Приглядеться хотя бы к его вычищенным тупоносым ботинкам.
И как он ходил и разговаривал, как размахивал загорелыми руками: у меня есть фотография, где Дуг спорит с кем-то возле лодочной станции, одетый в светло-серую футболку и белые брюки, а вокруг небо и пляжный песок. Я кое-что подправил, задрал контраст – и получился ангелический, страшный, сияющий Дуглас, состоящий из головы с ореолом выгорающих волос, длинной шеи и парящих в воздухе отдельных рук. Я возился с этой фотографией полтора дня, а потом врал, что снимок был на плёнке, что единственный отпечаток Дуг забрал и подарил кому-то, а плёнка потом потерялась, и что я ничего не делал, просто увидел и сфотографировал; в общем, что Дуглас был именно такой.
Он был тощий, сутулый и совершенно обыкновенный.
И ещё у него была астма. Мы выкинули ковры и покрывала, а Лиза купила циновки и бамбуковые жалюзи, но он часто возвращался с улицы потрёпанный и поблекший, как будто его изнутри немного подъела моль.
Дуглас Фогерти был абсолютный, эталонный идиот.
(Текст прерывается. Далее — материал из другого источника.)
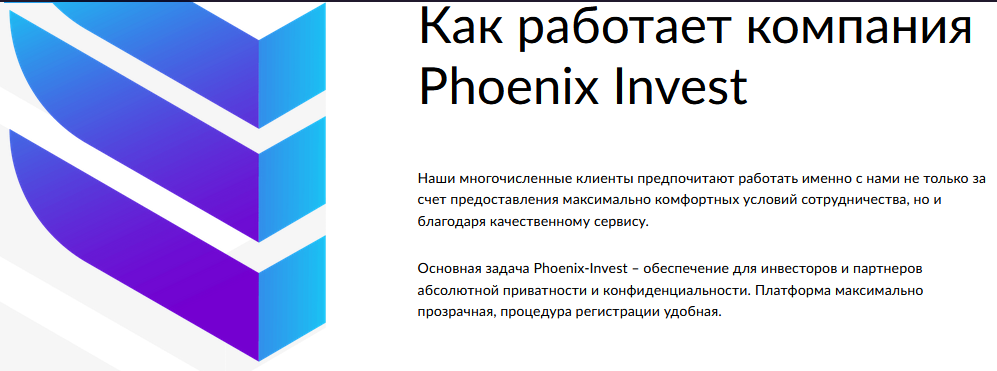 Своей главной задачей Phoenix-Invest называет обеспечение клиентов и партнеров абсолютной конфиденциальностью и безопасностью. Свою платформу жулики называют совершенно прозрачной и удобной.

В том смысле, что совершенно нормальный человек. Обыватель. Пацан.
Он хотел красную машину, потому что это круто, хотел здоровый бицепс, внушительный трицепс, кубики на прессе и фактурную голень. Бегал по утрам, потому что тягать железо не позволяла дыхалка, но Дуг надеялся, что на побережье всё пройдёт – и вот тогда он всем покажет. Хотел Мэгги Райс, потому что у неё были сиськи четвёртого размера и соответствующего объёма задница (я был женат пятнадцать лет, но так и не понял, что там с размерами задницы, какими буквами и цифрами его обозначают в магазинах нижнего белья).
Дуглас Фогерти вёл дневник, писал стихи и рисовал картинки шариковой ручкой на офисной бумаге.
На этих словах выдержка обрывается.